Lettre de deuil

 

 

                                        Pour ma bonne amie Blanche,

                                               après la mort de sa mère.

 

 

TU m’écris en pleurant, pauvre petite sœur.

Les adieux de ta mère et le deuil de ton cœur.

 

Il me semble te voir, belle dans ta tristesse,

Avec des yeux mouillés d’implorante détresse.

Rechercher « son » regard qui ne te sourit plus

Et qui s’en est allé vers la paix des élus.

Je te vois sur son front pencher ta tête blonde

Et lui dire « Maman » sans qu’elle te réponde.

Alors, ta gorge étouffe un douloureux sanglot

Et tu pleures longtemps sans murmurer un mot.

Oh ! je te comprends bien. Ta douleur est immense

Comme l’amour dont elle a laissé la semence

Dans le fond de ton cœur affectueux et bon.

 

Je sais que ça fait mal quand les mères s’en vont ;

Mais vois-tu, si vers lui le bon Dieu les rappelle,

C’est qu’elles ont gagné leur couronne immortelle

Et qu’il est temps qu’elles jouissent du repos

Au pays où les chants sont plus purs et plus beaux.

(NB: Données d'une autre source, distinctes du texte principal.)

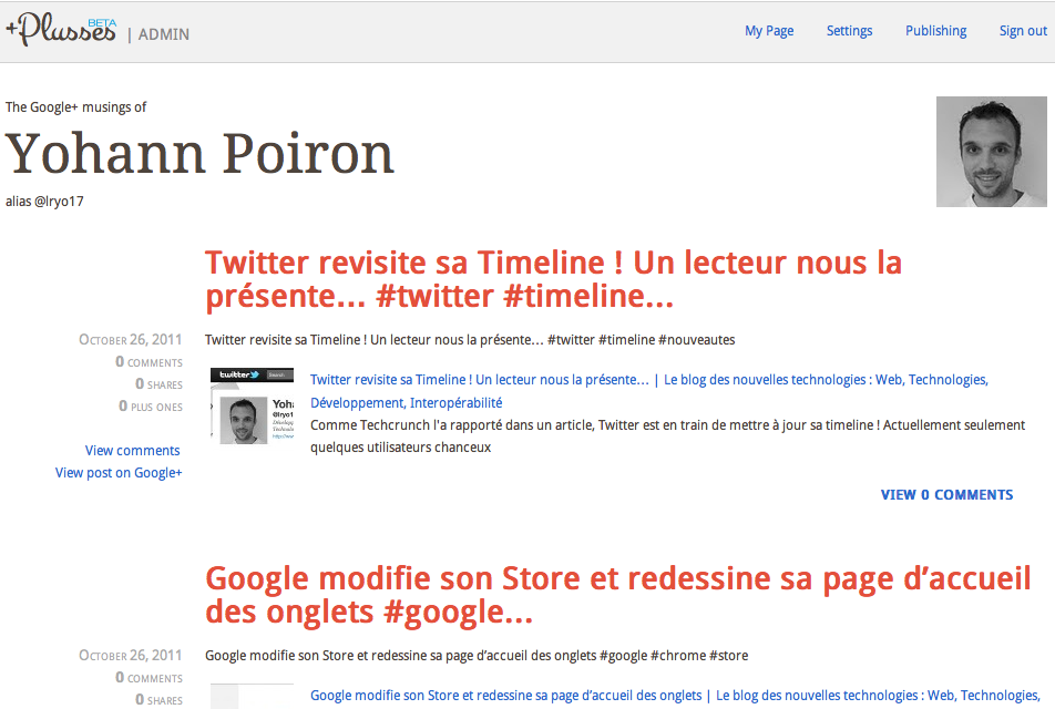 Plusses est un outil formidable pour quelqu’un qui n’a pas un blog hébergé WordPress, ou quelqu’un qui est à la recherche d’un moyen facile de créer un blog. Plusses exploite la puissance du réseau social Google+ et lui donne la touche finale esthétique ! C’est vraiment très bien pensé de la part de Daniel…

Et puis, rappelle-toi, lorsque ton âme pleure,

Qu’une grande ouvrière entre dans ta demeure

Et que l’âpre douleur en te faisant pleurer

T’apporte en même temps le trésor avéré

D’une âme renaissante et plus forte et sereine,

Qui te rend à nos yeux plus grande qu’une reine.

 

La souffrance, vois-tu, chère petite sœur,

Auréolant ton front aura grandi ton cœur.

 

 

                                                         Octobre 1911.

 

 

 

Alphonse DESILETS, Mon pays, mes amours, 1913.